_WHAT TO WORK ON_
Below are some records. Print exactly the lines between the one holding "动态可视化:根据分析需求自动匹配图表(趋势图、热力图等),支持交互式探索;" and the one holding "Em 5 anos, os", inclusive, and nothing else.

═════ RECORD EXCERPTS ═════

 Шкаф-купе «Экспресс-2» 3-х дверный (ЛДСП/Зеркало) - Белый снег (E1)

═════
═════ RECORD EXCERPTS ═════

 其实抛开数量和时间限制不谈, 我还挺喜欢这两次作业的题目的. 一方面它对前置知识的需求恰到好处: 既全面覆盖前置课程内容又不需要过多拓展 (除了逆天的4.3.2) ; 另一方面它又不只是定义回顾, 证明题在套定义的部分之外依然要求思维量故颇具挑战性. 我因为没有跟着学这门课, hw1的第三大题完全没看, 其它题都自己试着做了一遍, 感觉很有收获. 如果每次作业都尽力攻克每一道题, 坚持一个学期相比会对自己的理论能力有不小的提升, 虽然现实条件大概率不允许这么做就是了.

═════
═════ RECORD EXCERPTS ═════

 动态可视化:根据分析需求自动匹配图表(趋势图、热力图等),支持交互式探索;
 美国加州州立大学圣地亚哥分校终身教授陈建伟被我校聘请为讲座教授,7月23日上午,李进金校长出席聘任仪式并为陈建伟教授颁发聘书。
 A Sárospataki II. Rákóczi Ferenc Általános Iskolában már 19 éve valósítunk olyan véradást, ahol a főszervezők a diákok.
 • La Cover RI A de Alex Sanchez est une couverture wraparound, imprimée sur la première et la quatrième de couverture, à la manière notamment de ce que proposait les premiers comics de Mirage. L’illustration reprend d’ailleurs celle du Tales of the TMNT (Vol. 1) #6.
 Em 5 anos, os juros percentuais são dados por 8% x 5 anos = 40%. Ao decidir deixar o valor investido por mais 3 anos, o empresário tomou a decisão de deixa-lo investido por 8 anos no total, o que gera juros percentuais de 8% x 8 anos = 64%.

═════

_WRITTEN REPLY_
 动态可视化:根据分析需求自动匹配图表(趋势图、热力图等),支持交互式探索;
 美国加州州立大学圣地亚哥分校终身教授陈建伟被我校聘请为讲座教授,7月23日上午,李进金校长出席聘任仪式并为陈建伟教授颁发聘书。
 A Sárospataki II. Rákóczi Ferenc Általános Iskolában már 19 éve valósítunk olyan véradást, ahol a főszervezők a diákok.
 • La Cover RI A de Alex Sanchez est une couverture wraparound, imprimée sur la première et la quatrième de couverture, à la manière notamment de ce que proposait les premiers comics de Mirage. L’illustration reprend d’ailleurs celle du Tales of the TMNT (Vol. 1) #6.
 Em 5 anos, os juros percentuais são dados por 8% x 5 anos = 40%. Ao decidir deixar o valor investido por mais 3 anos, o empresário tomou a decisão de deixa-lo investido por 8 anos no total, o que gera juros percentuais de 8% x 8 anos = 64%.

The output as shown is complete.